**PROBLEM REQUIREMENTS**
If a record below holds a picture, leave the picture out and copy the rest exactly.

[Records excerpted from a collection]

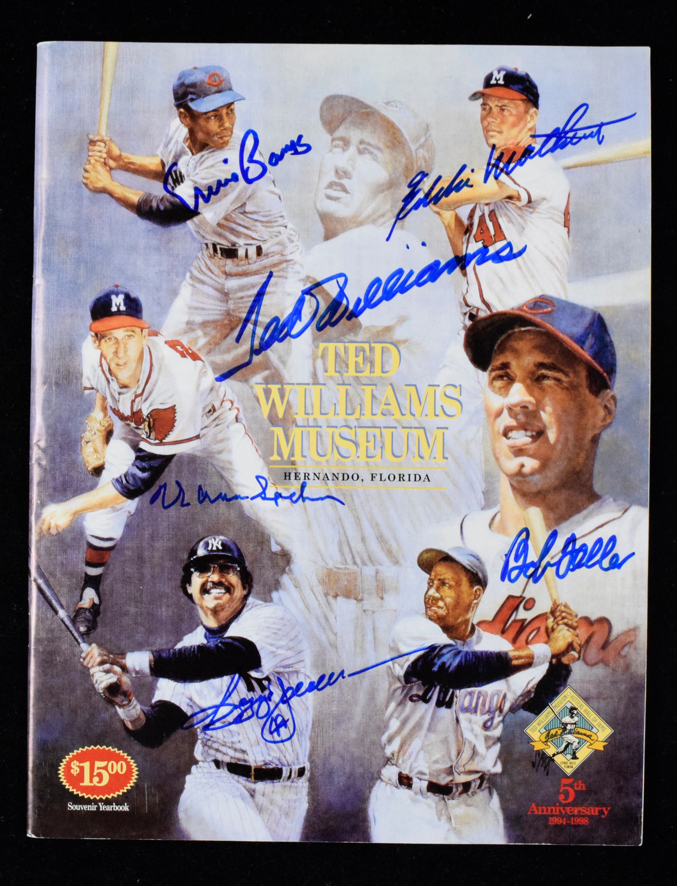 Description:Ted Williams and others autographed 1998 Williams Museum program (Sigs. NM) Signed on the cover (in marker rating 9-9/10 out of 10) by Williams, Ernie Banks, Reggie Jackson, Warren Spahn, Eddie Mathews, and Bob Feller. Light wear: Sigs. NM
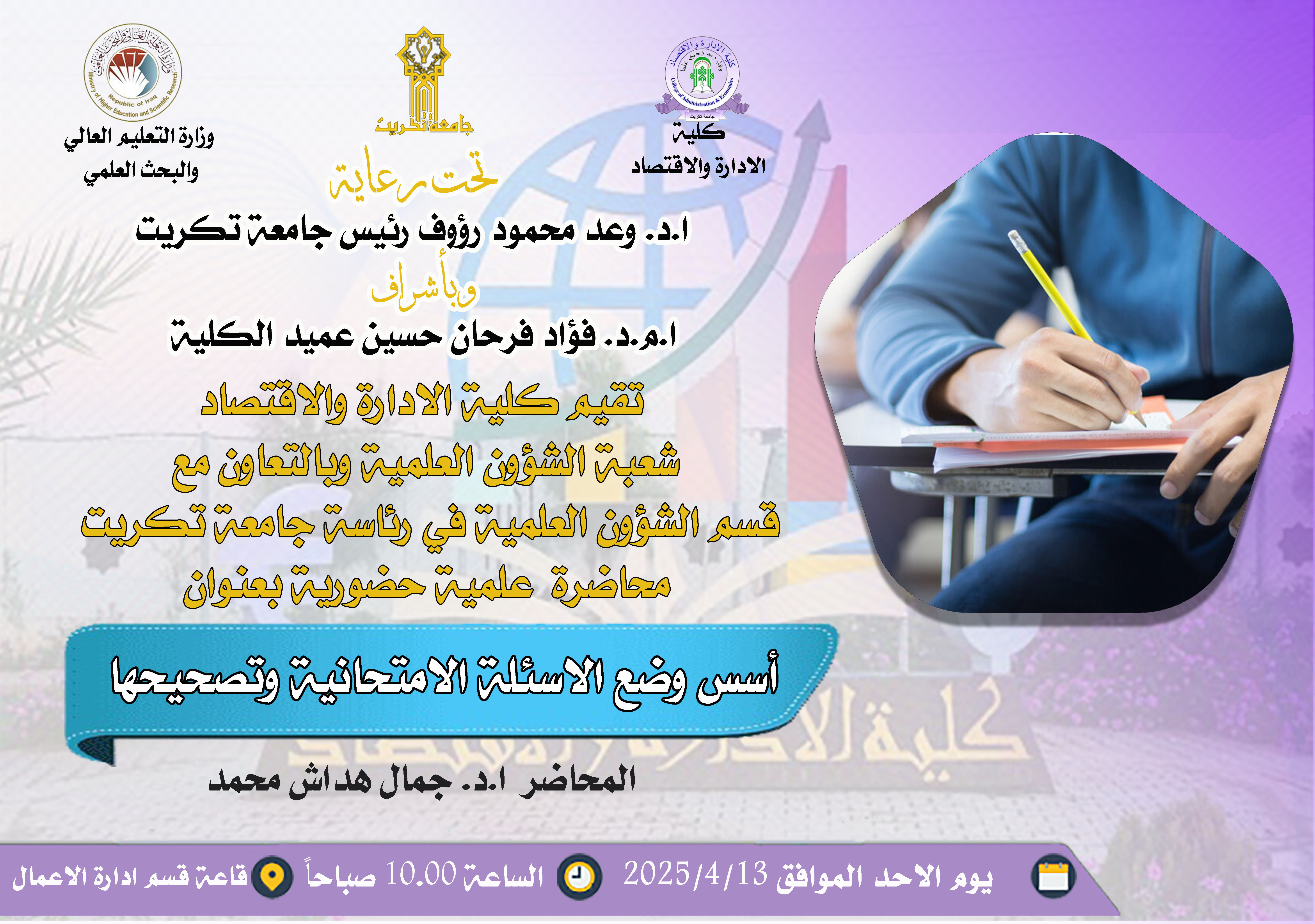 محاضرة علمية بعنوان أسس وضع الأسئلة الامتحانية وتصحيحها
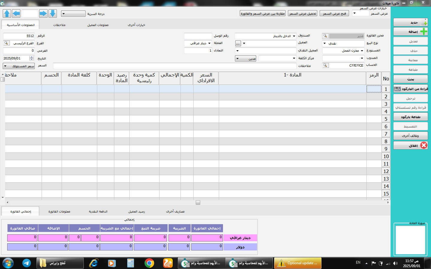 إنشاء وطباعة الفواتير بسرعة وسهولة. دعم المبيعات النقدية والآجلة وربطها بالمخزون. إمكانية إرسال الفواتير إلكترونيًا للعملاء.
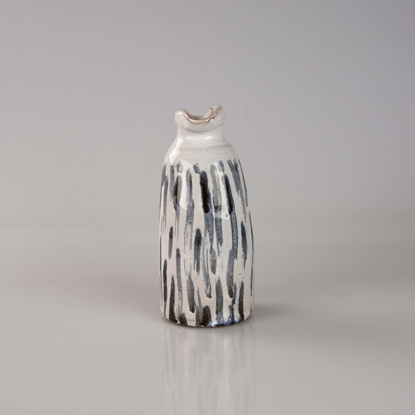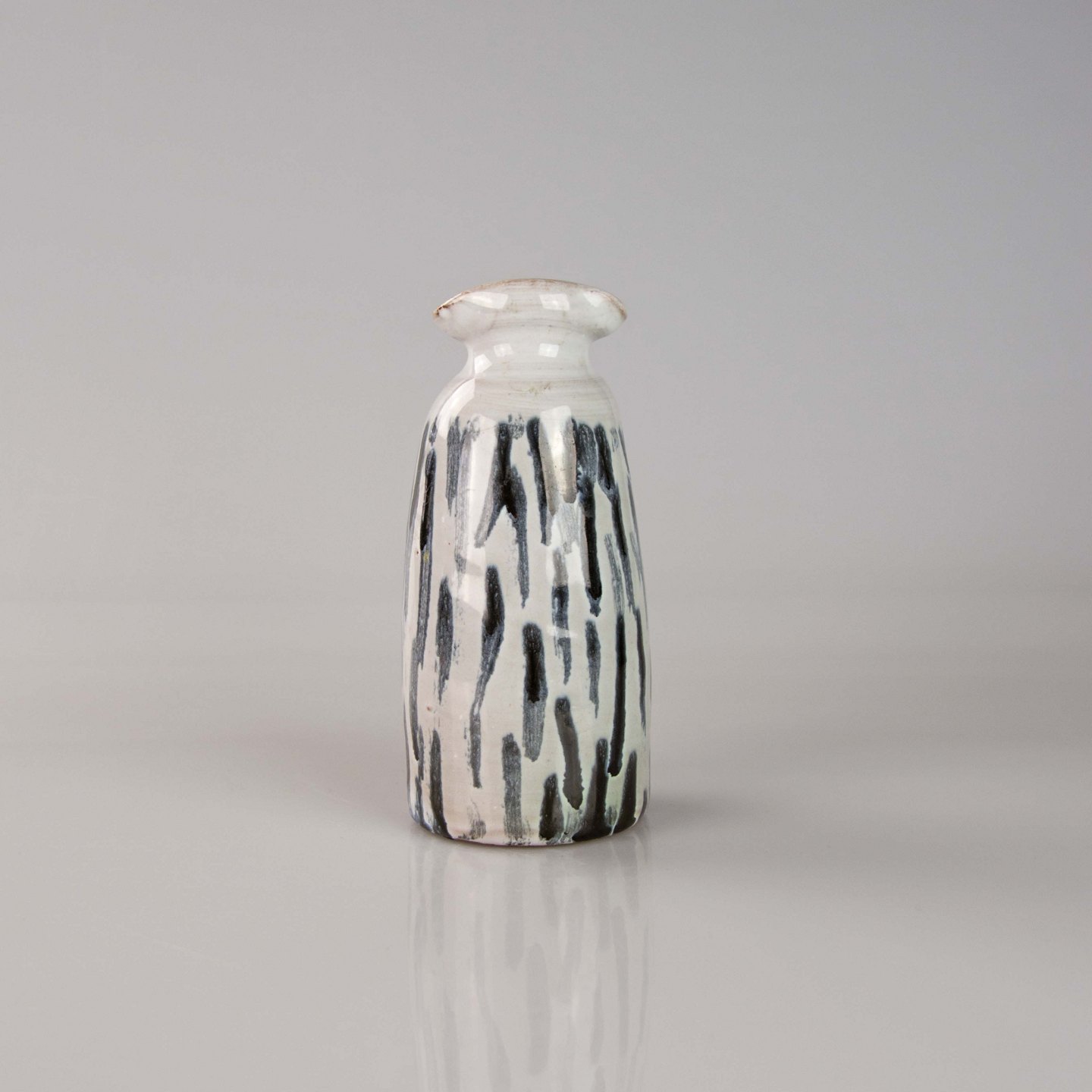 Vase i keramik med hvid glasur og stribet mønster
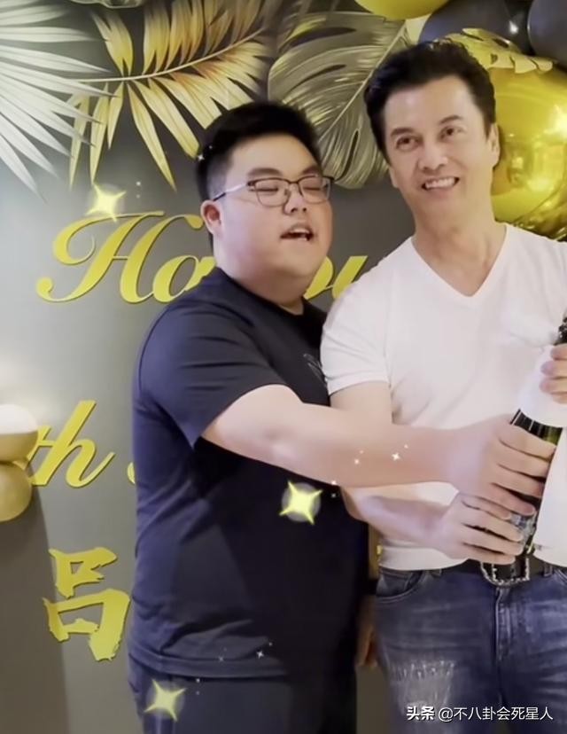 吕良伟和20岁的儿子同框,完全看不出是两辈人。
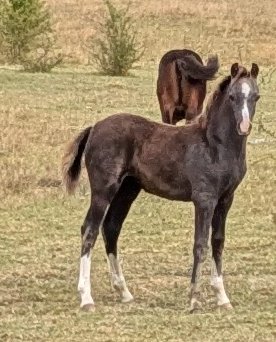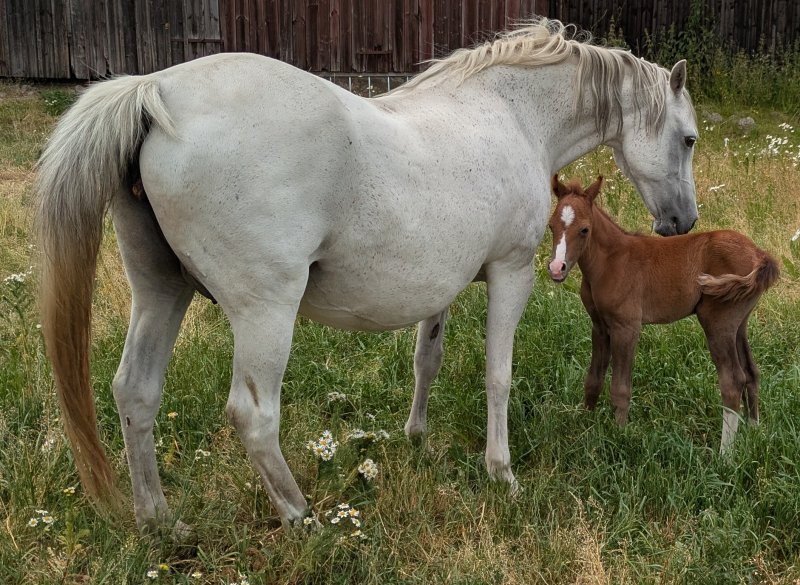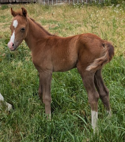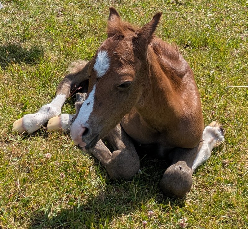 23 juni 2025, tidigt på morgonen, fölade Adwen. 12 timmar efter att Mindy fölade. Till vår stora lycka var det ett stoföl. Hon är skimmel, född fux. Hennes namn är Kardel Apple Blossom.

**EXPECTED ANSWER**
 Description:Ted Williams and others autographed 1998 Williams Museum program (Sigs. NM) Signed on the cover (in marker rating 9-9/10 out of 10) by Williams, Ernie Banks, Reggie Jackson, Warren Spahn, Eddie Mathews, and Bob Feller. Light wear: Sigs. NM
 محاضرة علمية بعنوان أسس وضع الأسئلة الامتحانية وتصحيحها
 إنشاء وطباعة الفواتير بسرعة وسهولة. دعم المبيعات النقدية والآجلة وربطها بالمخزون. إمكانية إرسال الفواتير إلكترونيًا للعملاء.
 Vase i keramik med hvid glasur og stribet mønster
 吕良伟和20岁的儿子同框,完全看不出是两辈人。
 23 juni 2025, tidigt på morgonen, fölade Adwen. 12 timmar efter att Mindy fölade. Till vår stora lycka var det ett stoföl. Hon är skimmel, född fux. Hennes namn är Kardel Apple Blossom.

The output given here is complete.